“Un terremoto di magnitudo Ml 3.5 è stato registrato dalla Rete Sismica Nazionale questa sera, 20 marzo 2020, alle ore 22:58 italiane. L’epicentro – scrivono gli esperti Ingv sul portale Ingvterremoti.com – del terremoto è stato localizzato in provincia di L’Aquila, tra i comuni di Capitignano, Barete, Montereale, Pizzoli e Cagnano Amiterno (entro 6 km dall’epicentro), a una profondità di 10 km. La zona colpita è prossima a quella interessata dalla sequenza del 2016 in Centro Italia, in particolare nel suo settore meridionale che si era attivato a gennaio 2017, e ancora attiva a oltre tre anni dal suo inizio.”
Il sisma è collegato alla sequenza che ha innescato le forti scosse in Centro Italia nel 2016? Sulla questione fa luce Alessandro Amato, esperto Ingv, attraverso il suo profilo Facebook.
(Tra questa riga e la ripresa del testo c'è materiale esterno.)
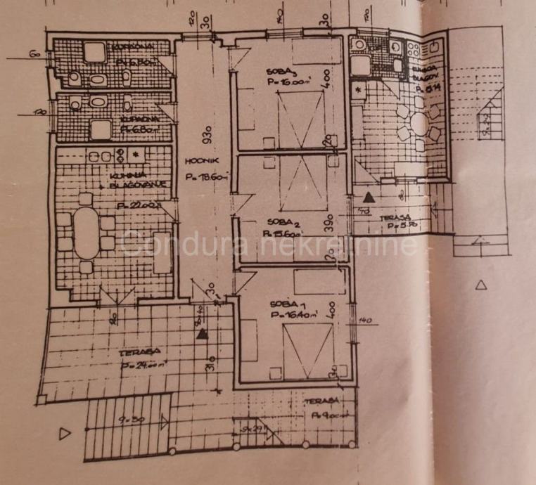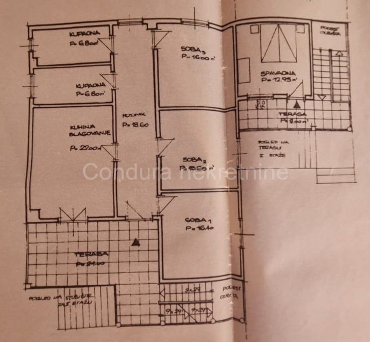 Na prvom katu je također prostran apartman s tri spavaće sobe, dvije kupaonice, kuhinjom i dnevnim boravkom te velikom natkrivenom terasom.

“Il terremoto di ieri sera nell’aquilano (magnitudo 3.5 alle 22:58 a Capitignano, Barete, Pizzoli) è avvenuto – scrive – nell’area della sequenza in Centro Italia del 2016: In particolare l’epicentro (stella) è localizzato nel settore sud, quello attivo a gennaio 2017 con quei tre terremoti di M5+ avvenuti a poche ore uno dall’altro. Anche l’evento di ieri mattina (5:49) di magnitudo 3.3 a Visso è avvenuto nella zona della sequenza iniziata nel 2016, in questo caso nel settore nord (cerchietto arancione). Come sapevamo, la zona è ancora attiva dopo oltre tre anni e mezzo, cosa purtroppo normale considerata la magnitudo e l’estensione dei terremoti di agosto e ottobre 2016.”
“Ultimamente non si erano avuti molti terremoti avvertiti (M>2.5 circa) ma l’attività di minore intensità non era mai cessata. Normale quindi avere delle riprese di tanto in tanto con qualche evento più forte. Va notato che in entrambi i casi non si osserva un aumento del tasso di sismicità prima e/o dopo i due eventi citati, cosa che giudico positiva, nel senso che non c’è almeno per ora una ripresa dell’attività generale nelle due zone.”